* **ENTRIES PROVIDED**
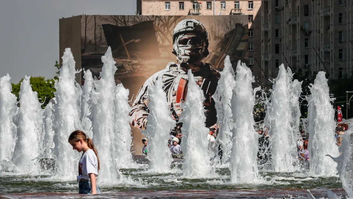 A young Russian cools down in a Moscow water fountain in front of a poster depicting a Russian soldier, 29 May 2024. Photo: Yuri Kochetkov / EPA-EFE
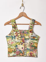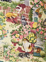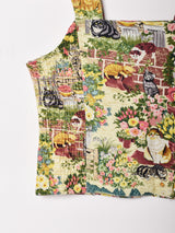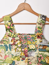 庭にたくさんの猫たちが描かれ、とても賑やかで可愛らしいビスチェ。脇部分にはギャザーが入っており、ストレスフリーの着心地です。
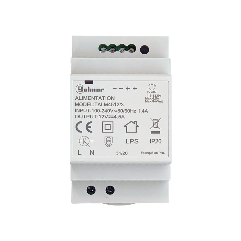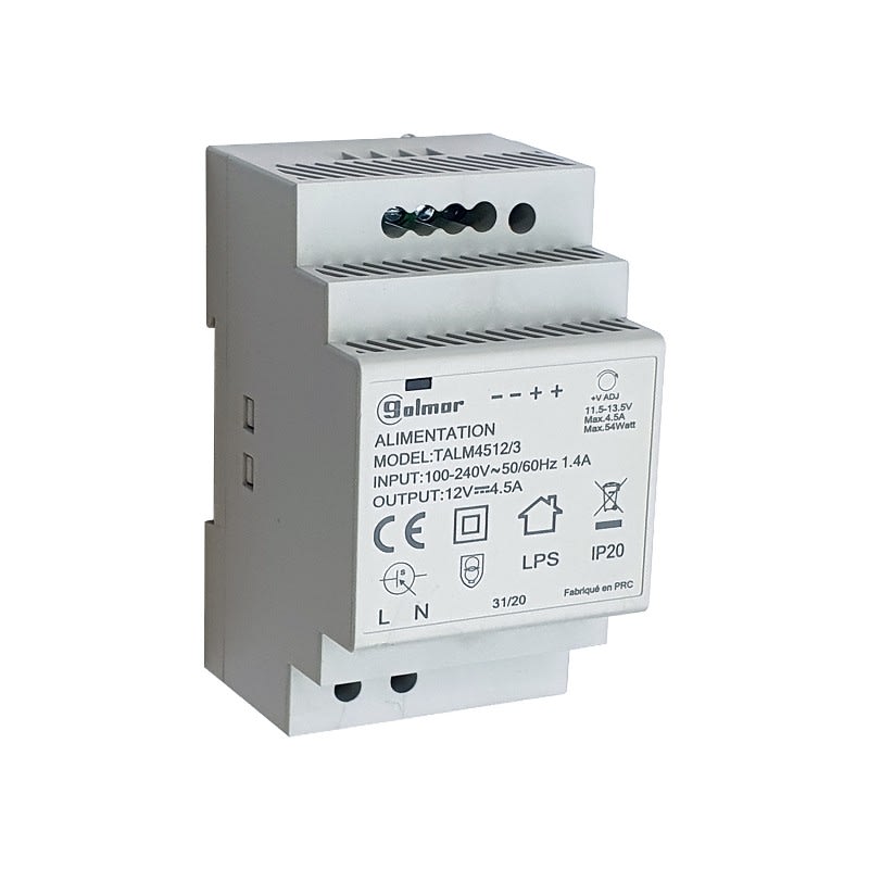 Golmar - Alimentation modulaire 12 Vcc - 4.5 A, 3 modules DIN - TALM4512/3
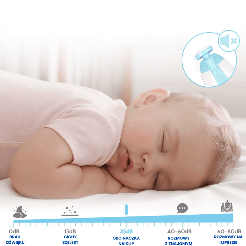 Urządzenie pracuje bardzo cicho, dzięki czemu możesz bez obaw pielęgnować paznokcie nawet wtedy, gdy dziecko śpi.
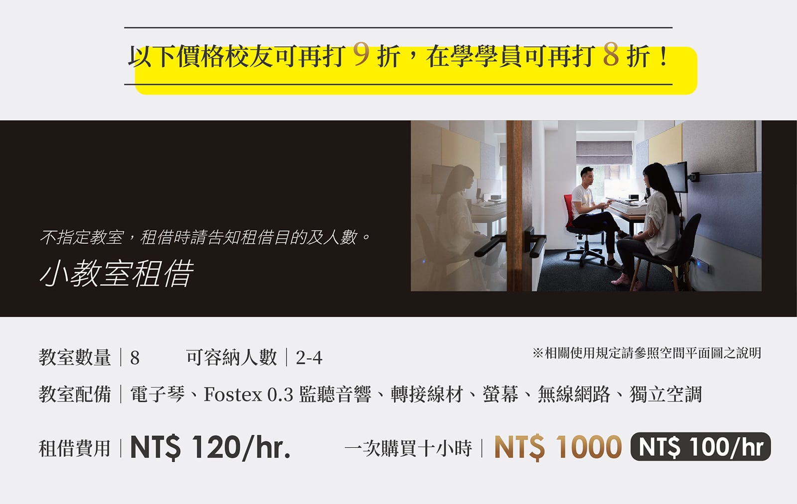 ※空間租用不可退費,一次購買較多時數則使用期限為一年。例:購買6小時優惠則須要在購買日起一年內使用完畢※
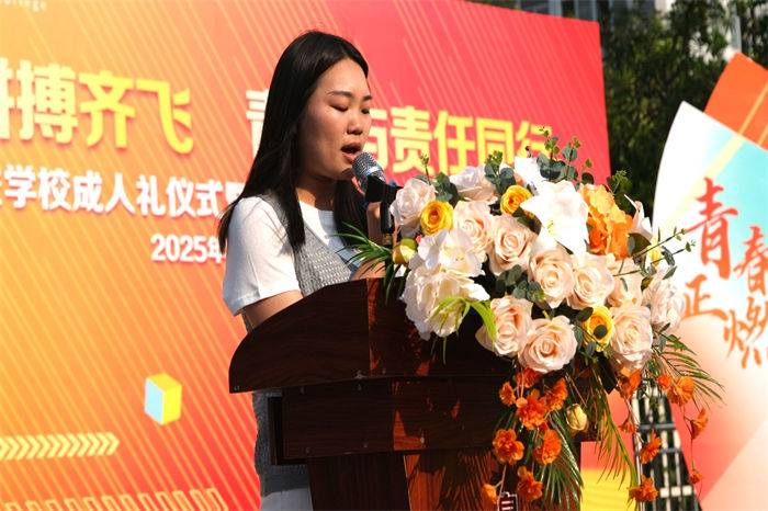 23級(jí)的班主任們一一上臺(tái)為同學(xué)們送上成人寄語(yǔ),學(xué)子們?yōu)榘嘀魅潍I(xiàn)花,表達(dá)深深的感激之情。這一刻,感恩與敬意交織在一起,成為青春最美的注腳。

* **WHAT YOU NEED TO DO**
Give all the records again, exactly, without images.

* **ANSWER TO THIS TASK**
 A young Russian cools down in a Moscow water fountain in front of a poster depicting a Russian soldier, 29 May 2024. Photo: Yuri Kochetkov / EPA-EFE
 庭にたくさんの猫たちが描かれ、とても賑やかで可愛らしいビスチェ。脇部分にはギャザーが入っており、ストレスフリーの着心地です。
 Golmar - Alimentation modulaire 12 Vcc - 4.5 A, 3 modules DIN - TALM4512/3
 Urządzenie pracuje bardzo cicho, dzięki czemu możesz bez obaw pielęgnować paznokcie nawet wtedy, gdy dziecko śpi.
 ※空間租用不可退費,一次購買較多時數則使用期限為一年。例:購買6小時優惠則須要在購買日起一年內使用完畢※
 23級(jí)的班主任們一一上臺(tái)為同學(xué)們送上成人寄語(yǔ),學(xué)子們?yōu)榘嘀魅潍I(xiàn)花,表達(dá)深深的感激之情。這一刻,感恩與敬意交織在一起,成為青春最美的注腳。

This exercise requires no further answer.